We need the following properties of the r relation:

1. It is a partial function from X to Y
2. It is a partial function from Y to X
3. It is increasing in X
4. It is decreasing in T
5. It is preserved by successor
6. For T = 0, it is the identity relation
7. Indices are non-negative, so Y <= X and T <= X.

Property 2 isn't actually needed, but it might be helpful in other uses of this module. Several of these properties were added in response to counterexamples in verifying the sliding window implementation below.

    property r(T,X,Y) & r(T,X,Y1) -> Y = Y1
    property r(T,X,Y) & r(T,X1,Y) -> X = X1
    property r(T,X1,Y1) & r(T,X2,Y2) & X1 < X2 -> Y1 < Y2
    property r(T1,X,Y1) & r(T2,X,Y2) & T1 < T2 -> Y2 < Y1
        property r(T,X1,Y1) & idx.succ(X1,X2) & idx.succ(Y1,Y2) -> r(T,X2,Y2)
        property r(0,X,X)
        property r(T,X,Y) -> Y <= X & T <= X

The action f returns a y such that r(t,x,y), assuming t <= x. Note that for positions less than the offset, there is no index in the shifted sequence (that is, positions less than the offset are not in the window,

    around f {
           require t <= x;
            ...
       ensure r(t,x,y)
    }

    } # end specification section

In the implementation section, we give the definition of r (which is needed to prove the properties above) and give the implementation of f.

    implementation {
        definition r(T,X,Y) = (X = Y + T)
        implement f {
            y := x - t
        }
    }

We make this module an isolate, and say with idx.impl to use the implementation of idx. This gives us the natural number theory, which is needed to prove the above properties. Note it's very important not to say with idx here, since the specification of ordered_sequence (see order.ivy) contains various universally quantified properties that, when mixed with arithmetic, would put us outside the decidable fragment.

    isolate iso = this with idx.impl
}

Now we define our sliding window module. It takes as parameters an ordered sequence type for indices and a data type for the sequence elements.

module window(idx,data) = {

The interface provides a relation value(I,D), indicating the data value D occurs at position I in the original sequence. The window contains the range of values in the index interval [begin,end).
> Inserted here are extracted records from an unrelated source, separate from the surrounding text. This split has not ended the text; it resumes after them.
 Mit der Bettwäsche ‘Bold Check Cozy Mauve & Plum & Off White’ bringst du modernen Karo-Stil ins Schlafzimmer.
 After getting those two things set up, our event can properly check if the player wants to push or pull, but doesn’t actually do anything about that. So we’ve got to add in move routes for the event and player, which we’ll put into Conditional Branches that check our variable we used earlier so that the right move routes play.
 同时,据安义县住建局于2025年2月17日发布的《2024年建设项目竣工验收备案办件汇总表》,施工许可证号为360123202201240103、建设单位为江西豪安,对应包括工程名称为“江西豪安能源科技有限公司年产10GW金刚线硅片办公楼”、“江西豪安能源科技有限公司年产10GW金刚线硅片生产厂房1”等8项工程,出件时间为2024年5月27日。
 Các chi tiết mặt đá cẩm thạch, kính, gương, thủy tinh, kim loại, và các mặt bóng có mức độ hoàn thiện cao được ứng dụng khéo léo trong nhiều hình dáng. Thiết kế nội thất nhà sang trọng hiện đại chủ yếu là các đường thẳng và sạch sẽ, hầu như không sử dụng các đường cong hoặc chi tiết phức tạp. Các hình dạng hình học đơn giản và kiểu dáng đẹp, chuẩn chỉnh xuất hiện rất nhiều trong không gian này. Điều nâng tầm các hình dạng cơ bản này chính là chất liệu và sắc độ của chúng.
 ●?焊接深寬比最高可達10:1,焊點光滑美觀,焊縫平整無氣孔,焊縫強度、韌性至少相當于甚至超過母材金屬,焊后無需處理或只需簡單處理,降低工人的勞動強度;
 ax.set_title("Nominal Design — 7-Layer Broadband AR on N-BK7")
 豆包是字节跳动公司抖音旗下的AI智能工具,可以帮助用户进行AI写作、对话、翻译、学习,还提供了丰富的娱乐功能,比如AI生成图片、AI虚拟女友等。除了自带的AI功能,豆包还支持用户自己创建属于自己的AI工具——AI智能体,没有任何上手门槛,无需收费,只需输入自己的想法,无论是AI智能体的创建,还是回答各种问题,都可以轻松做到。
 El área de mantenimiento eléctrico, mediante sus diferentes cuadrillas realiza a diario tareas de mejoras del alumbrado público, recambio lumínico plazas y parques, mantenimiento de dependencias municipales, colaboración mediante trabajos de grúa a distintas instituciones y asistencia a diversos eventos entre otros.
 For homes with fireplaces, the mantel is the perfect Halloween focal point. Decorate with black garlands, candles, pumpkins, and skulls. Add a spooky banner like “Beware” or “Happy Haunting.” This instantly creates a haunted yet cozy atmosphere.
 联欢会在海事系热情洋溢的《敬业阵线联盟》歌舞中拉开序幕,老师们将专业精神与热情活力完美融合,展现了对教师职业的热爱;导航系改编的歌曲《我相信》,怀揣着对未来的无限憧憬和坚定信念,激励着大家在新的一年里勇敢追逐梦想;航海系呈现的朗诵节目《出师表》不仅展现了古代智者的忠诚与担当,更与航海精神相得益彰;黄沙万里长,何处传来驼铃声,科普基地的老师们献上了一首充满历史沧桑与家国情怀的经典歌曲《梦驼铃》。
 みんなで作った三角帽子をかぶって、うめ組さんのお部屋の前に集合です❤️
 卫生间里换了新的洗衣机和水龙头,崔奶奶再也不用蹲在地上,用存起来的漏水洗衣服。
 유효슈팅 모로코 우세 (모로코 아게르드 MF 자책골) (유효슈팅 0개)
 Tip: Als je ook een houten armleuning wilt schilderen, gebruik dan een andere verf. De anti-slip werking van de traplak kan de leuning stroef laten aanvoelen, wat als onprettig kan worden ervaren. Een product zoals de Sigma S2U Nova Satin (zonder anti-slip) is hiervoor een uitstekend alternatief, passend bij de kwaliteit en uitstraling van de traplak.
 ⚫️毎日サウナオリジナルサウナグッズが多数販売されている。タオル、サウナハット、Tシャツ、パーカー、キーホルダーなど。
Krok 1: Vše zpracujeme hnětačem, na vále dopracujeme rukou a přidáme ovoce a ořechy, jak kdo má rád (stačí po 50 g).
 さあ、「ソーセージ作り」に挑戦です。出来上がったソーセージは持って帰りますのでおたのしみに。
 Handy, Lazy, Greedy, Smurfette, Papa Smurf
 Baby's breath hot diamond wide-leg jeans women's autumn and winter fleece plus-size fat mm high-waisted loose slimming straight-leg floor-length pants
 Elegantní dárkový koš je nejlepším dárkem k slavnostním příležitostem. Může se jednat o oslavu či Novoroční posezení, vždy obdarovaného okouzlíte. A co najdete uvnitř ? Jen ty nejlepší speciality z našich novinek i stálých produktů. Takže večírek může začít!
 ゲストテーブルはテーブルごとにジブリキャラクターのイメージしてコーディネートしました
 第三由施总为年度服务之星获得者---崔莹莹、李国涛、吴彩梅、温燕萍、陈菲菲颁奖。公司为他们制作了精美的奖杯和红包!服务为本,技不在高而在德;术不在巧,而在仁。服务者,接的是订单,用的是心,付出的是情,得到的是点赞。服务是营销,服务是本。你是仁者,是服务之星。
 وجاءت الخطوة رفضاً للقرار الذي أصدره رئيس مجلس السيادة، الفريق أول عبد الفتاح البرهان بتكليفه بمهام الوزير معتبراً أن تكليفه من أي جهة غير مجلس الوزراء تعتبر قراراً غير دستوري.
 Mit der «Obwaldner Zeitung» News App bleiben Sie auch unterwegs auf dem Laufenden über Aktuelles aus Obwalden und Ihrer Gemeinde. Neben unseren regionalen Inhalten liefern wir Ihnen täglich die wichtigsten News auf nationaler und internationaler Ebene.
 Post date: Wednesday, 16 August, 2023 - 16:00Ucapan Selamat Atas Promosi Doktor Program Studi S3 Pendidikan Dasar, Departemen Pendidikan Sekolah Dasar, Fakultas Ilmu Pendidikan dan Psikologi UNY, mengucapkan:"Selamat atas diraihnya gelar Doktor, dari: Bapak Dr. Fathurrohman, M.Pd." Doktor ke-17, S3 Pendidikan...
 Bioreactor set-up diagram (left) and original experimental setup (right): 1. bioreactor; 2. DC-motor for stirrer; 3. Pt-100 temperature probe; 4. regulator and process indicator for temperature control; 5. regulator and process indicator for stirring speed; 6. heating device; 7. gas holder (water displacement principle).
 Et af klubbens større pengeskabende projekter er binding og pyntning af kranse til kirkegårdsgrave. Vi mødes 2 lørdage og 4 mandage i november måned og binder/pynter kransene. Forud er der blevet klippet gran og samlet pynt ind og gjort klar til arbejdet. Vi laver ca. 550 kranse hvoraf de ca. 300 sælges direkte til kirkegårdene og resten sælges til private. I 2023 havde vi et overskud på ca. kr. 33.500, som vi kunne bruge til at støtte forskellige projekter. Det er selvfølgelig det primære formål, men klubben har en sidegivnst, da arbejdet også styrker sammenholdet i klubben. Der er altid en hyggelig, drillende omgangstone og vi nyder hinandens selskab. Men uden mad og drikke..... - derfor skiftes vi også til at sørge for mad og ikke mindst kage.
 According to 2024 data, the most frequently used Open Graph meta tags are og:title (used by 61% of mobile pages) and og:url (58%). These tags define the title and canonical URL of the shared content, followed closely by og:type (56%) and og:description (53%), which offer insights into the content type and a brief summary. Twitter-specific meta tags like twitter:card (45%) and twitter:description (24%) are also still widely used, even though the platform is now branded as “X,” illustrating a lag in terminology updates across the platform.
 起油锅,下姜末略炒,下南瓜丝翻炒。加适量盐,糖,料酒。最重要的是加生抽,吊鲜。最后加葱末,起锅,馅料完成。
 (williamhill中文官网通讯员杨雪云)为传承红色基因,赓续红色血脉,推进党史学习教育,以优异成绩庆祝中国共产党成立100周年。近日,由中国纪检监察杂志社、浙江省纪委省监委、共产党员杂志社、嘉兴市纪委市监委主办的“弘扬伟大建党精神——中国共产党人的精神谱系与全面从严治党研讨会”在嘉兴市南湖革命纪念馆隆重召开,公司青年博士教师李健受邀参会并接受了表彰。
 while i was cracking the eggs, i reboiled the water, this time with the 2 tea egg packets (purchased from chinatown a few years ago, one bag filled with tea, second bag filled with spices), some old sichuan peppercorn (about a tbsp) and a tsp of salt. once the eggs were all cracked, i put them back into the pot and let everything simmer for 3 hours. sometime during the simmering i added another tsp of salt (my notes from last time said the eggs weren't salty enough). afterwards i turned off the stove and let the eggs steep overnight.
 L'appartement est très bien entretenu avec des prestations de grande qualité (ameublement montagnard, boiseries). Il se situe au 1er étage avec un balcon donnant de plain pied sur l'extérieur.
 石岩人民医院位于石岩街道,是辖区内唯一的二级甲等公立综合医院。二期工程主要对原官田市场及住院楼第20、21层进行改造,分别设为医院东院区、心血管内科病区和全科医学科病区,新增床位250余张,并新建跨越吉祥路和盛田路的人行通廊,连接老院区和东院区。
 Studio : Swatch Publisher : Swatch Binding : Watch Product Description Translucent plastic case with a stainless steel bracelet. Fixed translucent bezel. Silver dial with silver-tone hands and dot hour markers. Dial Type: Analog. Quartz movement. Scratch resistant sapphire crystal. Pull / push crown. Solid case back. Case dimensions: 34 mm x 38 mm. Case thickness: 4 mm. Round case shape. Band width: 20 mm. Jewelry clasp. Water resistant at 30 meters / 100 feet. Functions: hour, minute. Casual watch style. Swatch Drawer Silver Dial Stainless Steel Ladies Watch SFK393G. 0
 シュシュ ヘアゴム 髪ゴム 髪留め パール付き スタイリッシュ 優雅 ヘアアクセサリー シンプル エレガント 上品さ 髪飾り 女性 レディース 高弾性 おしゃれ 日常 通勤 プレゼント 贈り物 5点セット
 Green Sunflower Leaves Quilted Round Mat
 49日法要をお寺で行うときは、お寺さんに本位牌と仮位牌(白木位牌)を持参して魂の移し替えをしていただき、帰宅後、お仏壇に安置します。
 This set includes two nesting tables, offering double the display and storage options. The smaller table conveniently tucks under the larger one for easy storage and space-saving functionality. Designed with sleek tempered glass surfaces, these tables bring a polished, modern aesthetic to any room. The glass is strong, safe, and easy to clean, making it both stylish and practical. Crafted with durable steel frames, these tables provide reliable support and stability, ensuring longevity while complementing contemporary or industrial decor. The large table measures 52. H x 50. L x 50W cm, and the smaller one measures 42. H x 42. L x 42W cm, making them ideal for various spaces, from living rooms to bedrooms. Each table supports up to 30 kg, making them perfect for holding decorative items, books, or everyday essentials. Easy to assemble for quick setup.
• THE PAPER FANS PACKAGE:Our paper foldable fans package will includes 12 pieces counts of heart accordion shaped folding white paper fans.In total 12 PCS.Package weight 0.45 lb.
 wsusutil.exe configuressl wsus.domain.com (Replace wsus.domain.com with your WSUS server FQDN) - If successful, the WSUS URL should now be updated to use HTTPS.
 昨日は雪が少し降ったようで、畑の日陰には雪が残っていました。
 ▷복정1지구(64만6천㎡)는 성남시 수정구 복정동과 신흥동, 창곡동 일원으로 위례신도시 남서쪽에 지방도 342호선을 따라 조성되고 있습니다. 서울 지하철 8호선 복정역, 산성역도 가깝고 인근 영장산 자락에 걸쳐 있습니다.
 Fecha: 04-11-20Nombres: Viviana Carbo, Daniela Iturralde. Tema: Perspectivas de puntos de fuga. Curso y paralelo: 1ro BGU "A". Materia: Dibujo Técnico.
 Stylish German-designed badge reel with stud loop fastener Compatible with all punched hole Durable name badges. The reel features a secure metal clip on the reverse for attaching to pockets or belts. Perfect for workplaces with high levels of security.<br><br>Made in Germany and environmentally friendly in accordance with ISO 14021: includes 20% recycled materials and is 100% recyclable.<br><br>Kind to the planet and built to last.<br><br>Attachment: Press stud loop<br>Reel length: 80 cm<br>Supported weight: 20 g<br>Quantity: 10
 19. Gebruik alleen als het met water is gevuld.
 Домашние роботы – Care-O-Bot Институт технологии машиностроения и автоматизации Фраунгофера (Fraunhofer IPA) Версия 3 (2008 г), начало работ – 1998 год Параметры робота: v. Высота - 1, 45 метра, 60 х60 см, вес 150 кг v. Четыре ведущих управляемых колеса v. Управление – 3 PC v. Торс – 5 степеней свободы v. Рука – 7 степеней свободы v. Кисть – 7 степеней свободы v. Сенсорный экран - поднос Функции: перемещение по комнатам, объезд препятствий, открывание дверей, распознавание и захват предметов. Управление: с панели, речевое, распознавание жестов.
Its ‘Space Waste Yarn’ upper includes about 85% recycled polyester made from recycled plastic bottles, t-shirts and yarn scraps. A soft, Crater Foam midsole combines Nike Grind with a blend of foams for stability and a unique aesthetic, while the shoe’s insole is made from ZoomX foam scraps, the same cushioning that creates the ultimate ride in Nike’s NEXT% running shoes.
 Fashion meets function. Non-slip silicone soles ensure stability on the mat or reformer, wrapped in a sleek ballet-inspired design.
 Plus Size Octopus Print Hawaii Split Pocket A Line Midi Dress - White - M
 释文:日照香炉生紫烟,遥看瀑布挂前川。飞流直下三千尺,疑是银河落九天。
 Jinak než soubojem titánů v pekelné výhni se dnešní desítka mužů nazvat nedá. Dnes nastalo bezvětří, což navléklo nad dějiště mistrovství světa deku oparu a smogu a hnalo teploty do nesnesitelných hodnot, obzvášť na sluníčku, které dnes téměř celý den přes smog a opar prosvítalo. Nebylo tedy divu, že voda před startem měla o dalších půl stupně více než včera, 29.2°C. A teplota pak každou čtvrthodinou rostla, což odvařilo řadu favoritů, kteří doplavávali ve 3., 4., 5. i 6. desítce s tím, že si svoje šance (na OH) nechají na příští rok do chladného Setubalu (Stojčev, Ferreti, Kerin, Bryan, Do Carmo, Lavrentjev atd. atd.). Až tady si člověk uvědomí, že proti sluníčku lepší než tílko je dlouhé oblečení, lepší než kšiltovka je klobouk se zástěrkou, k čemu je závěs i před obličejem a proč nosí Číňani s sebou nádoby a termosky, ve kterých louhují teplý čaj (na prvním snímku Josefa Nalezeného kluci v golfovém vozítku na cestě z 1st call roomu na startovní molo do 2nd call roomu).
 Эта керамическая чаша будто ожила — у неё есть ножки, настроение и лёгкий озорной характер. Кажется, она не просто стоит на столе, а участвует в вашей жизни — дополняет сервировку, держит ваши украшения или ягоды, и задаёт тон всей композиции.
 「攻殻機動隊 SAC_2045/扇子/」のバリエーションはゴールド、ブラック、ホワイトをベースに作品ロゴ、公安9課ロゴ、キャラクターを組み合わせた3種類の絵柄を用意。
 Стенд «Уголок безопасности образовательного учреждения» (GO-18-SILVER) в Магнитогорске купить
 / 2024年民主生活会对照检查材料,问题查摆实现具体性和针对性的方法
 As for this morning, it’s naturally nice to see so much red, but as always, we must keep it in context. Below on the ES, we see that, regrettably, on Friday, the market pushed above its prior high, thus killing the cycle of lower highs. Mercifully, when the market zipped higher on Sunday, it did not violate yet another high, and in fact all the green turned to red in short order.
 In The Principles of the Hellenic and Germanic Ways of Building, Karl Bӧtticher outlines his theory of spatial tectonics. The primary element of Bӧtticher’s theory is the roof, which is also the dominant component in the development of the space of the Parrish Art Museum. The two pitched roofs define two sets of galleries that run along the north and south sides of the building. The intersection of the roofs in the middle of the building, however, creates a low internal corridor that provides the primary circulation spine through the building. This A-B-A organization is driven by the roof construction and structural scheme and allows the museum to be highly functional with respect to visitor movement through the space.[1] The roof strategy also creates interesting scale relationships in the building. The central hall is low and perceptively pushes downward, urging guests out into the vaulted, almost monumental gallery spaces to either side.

    relation value(I:idx,D:data)
    individual begin : idx
    individual end : idx

Three operations are provided:

1. append adds one element to the original sequence, increasing end by one.
2. read gets an element of the original sequence
3. trim increases the value of begin

    action append(d:data)
    action read(i:idx) returns (d:data)
    action trim(i:idx)

    specification {

Initially, the sequence is empty, so begin = end = 0.

        after init {
            begin := 0;
            end := 0;
            value(I,D) := false
        }

Appending a value adds it to the end of the sequence.

        after append {
            value(end,d) := true;
            end := end.next
        }

Reading the value of an index in the interval [begin,end) returns the sequence value at that index.

        around read {
            require begin <= i & i < end;
            ...
            ensure value(i,d)
        }

Trim can be called with any index in the range [begin,end). It has the effect of setting begin to this index.

        around trim {
            require begin <= i & i <= end;
            ...
            begin := i;
        }

The specification maintains a few useful invariants.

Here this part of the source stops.